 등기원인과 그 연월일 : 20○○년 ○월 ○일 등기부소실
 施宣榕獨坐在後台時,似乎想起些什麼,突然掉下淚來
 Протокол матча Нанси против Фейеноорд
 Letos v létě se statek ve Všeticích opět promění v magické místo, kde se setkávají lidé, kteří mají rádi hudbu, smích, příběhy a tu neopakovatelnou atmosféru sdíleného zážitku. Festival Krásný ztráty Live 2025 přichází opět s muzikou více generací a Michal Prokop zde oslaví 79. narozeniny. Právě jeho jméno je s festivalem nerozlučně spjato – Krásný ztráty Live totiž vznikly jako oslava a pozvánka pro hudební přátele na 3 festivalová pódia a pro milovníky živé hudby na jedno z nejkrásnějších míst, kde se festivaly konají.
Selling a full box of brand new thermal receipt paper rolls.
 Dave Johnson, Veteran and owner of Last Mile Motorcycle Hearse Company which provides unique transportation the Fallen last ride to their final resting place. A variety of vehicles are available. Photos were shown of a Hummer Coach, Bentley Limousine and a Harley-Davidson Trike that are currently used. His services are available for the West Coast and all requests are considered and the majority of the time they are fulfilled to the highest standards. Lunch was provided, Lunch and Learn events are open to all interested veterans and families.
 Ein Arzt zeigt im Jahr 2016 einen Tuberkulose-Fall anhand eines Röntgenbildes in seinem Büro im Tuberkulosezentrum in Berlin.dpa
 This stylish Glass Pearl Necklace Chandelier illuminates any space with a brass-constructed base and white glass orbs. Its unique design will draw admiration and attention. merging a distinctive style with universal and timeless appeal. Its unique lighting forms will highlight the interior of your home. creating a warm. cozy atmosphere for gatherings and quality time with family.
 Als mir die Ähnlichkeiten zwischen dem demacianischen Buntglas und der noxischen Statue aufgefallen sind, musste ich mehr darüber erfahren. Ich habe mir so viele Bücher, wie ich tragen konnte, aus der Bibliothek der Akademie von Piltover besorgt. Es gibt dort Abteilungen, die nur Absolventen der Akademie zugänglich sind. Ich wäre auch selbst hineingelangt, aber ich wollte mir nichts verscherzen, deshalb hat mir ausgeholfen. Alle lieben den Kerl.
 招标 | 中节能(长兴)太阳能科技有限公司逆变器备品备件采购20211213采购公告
==
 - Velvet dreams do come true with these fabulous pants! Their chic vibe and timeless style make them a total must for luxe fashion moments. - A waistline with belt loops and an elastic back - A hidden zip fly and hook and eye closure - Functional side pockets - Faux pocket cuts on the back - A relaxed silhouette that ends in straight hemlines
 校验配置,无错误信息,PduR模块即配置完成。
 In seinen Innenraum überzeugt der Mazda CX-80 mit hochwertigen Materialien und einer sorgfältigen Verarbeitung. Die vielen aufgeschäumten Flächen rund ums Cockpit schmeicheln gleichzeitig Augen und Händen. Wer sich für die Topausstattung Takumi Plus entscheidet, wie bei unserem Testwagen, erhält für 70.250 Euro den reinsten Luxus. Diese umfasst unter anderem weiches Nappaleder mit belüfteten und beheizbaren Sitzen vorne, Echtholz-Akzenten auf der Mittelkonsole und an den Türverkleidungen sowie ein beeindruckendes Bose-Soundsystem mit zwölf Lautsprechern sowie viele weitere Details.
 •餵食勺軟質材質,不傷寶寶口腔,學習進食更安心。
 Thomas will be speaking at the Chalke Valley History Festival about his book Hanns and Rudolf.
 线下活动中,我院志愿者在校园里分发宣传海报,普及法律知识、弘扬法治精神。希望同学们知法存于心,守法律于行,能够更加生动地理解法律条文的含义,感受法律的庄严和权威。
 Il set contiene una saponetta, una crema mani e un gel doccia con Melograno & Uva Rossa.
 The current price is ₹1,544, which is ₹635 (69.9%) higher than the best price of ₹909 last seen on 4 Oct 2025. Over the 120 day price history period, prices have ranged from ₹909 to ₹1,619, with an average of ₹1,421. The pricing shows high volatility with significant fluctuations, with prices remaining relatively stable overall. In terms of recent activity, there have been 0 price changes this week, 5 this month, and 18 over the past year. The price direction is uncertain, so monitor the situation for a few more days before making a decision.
--
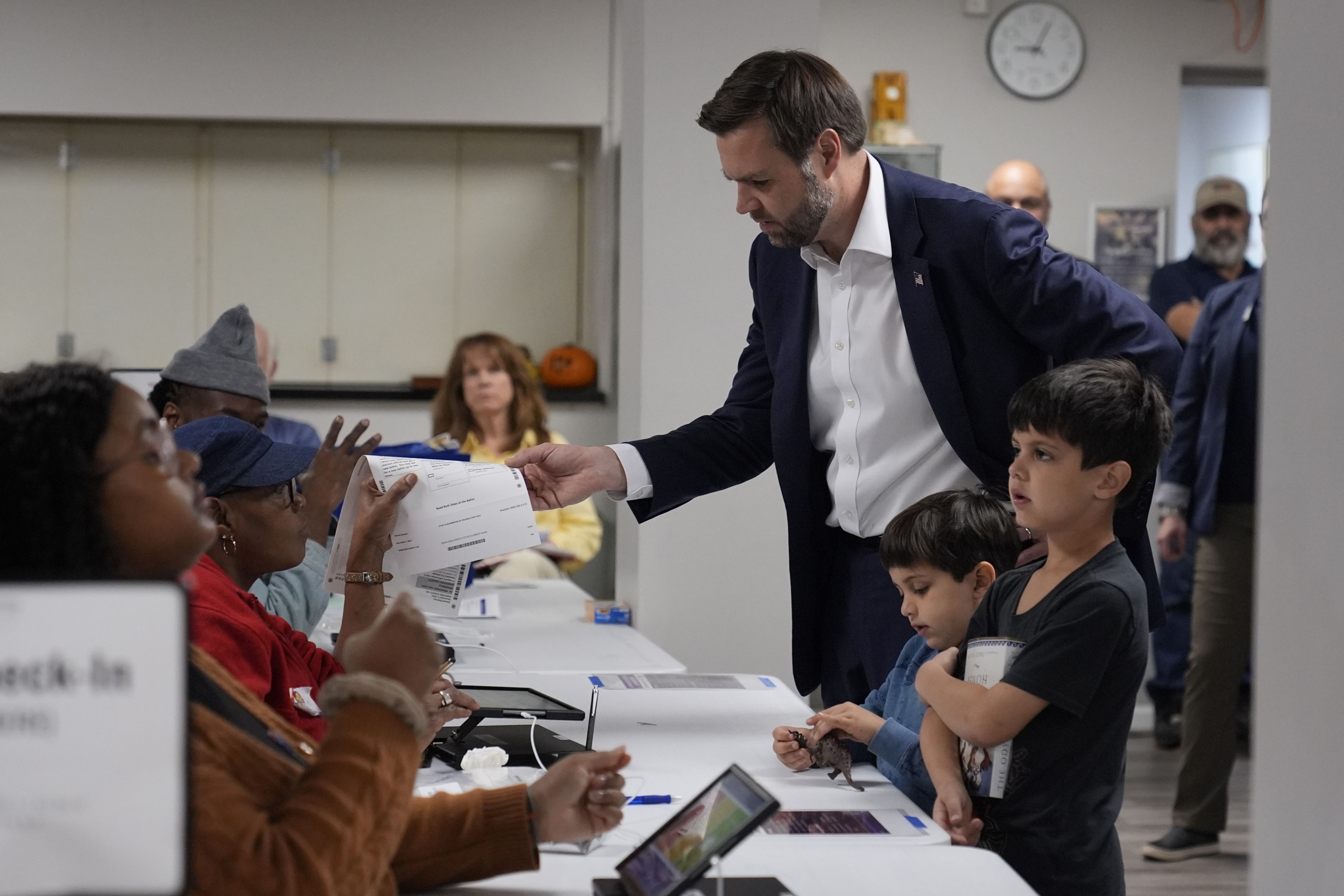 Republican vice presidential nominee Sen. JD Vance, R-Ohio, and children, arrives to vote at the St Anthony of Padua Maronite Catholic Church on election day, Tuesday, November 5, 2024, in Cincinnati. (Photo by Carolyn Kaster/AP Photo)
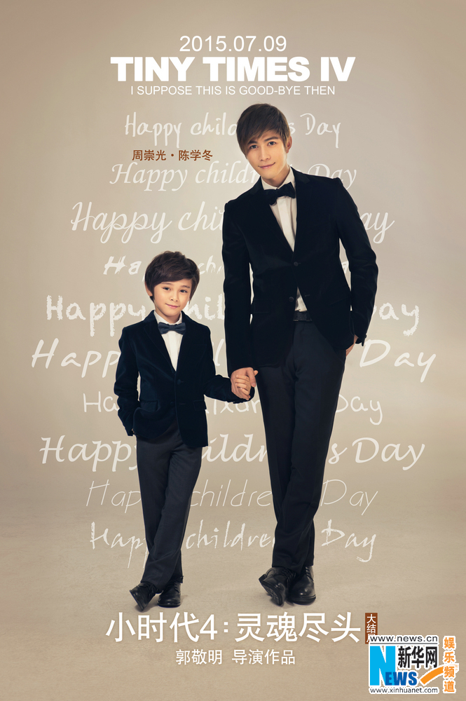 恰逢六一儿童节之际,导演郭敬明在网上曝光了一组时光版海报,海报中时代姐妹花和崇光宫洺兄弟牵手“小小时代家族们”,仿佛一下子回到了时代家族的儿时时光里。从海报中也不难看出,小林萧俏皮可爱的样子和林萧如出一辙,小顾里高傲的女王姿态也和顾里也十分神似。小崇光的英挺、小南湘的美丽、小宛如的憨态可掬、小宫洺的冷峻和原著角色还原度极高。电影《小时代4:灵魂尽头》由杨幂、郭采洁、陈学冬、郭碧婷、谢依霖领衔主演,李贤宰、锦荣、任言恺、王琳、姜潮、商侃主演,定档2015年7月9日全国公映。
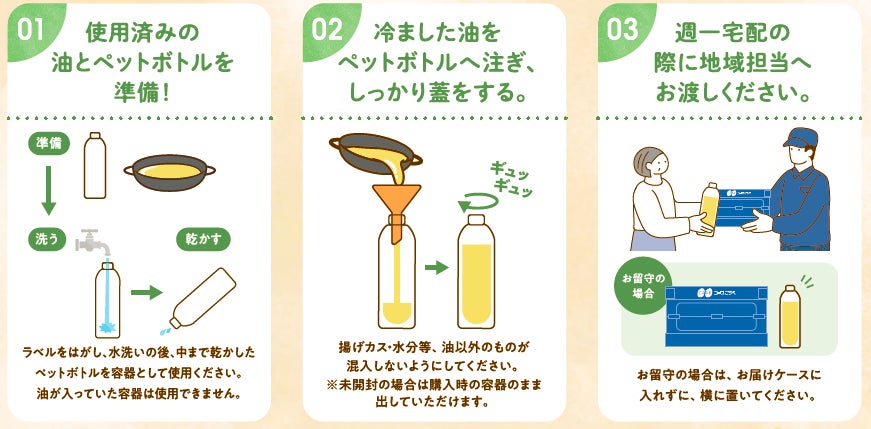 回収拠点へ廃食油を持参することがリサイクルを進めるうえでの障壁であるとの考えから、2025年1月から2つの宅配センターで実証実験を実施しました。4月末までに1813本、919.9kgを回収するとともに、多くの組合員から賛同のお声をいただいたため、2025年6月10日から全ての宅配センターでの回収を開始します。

- **Assignment**
In the listing above, locate the line containing "校验配置,无错误信息,PduR模块即配置完成。" and the line containing "The current price". Transcribe those two lines and everything between them, exactly as written.

- **Solution to this exercise**
 校验配置,无错误信息,PduR模块即配置完成。
 In seinen Innenraum überzeugt der Mazda CX-80 mit hochwertigen Materialien und einer sorgfältigen Verarbeitung. Die vielen aufgeschäumten Flächen rund ums Cockpit schmeicheln gleichzeitig Augen und Händen. Wer sich für die Topausstattung Takumi Plus entscheidet, wie bei unserem Testwagen, erhält für 70.250 Euro den reinsten Luxus. Diese umfasst unter anderem weiches Nappaleder mit belüfteten und beheizbaren Sitzen vorne, Echtholz-Akzenten auf der Mittelkonsole und an den Türverkleidungen sowie ein beeindruckendes Bose-Soundsystem mit zwölf Lautsprechern sowie viele weitere Details.
 •餵食勺軟質材質,不傷寶寶口腔,學習進食更安心。
 Thomas will be speaking at the Chalke Valley History Festival about his book Hanns and Rudolf.
 线下活动中,我院志愿者在校园里分发宣传海报,普及法律知识、弘扬法治精神。希望同学们知法存于心,守法律于行,能够更加生动地理解法律条文的含义,感受法律的庄严和权威。
 Il set contiene una saponetta, una crema mani e un gel doccia con Melograno & Uva Rossa.
 The current price is ₹1,544, which is ₹635 (69.9%) higher than the best price of ₹909 last seen on 4 Oct 2025. Over the 120 day price history period, prices have ranged from ₹909 to ₹1,619, with an average of ₹1,421. The pricing shows high volatility with significant fluctuations, with prices remaining relatively stable overall. In terms of recent activity, there have been 0 price changes this week, 5 this month, and 18 over the past year. The price direction is uncertain, so monitor the situation for a few more days before making a decision.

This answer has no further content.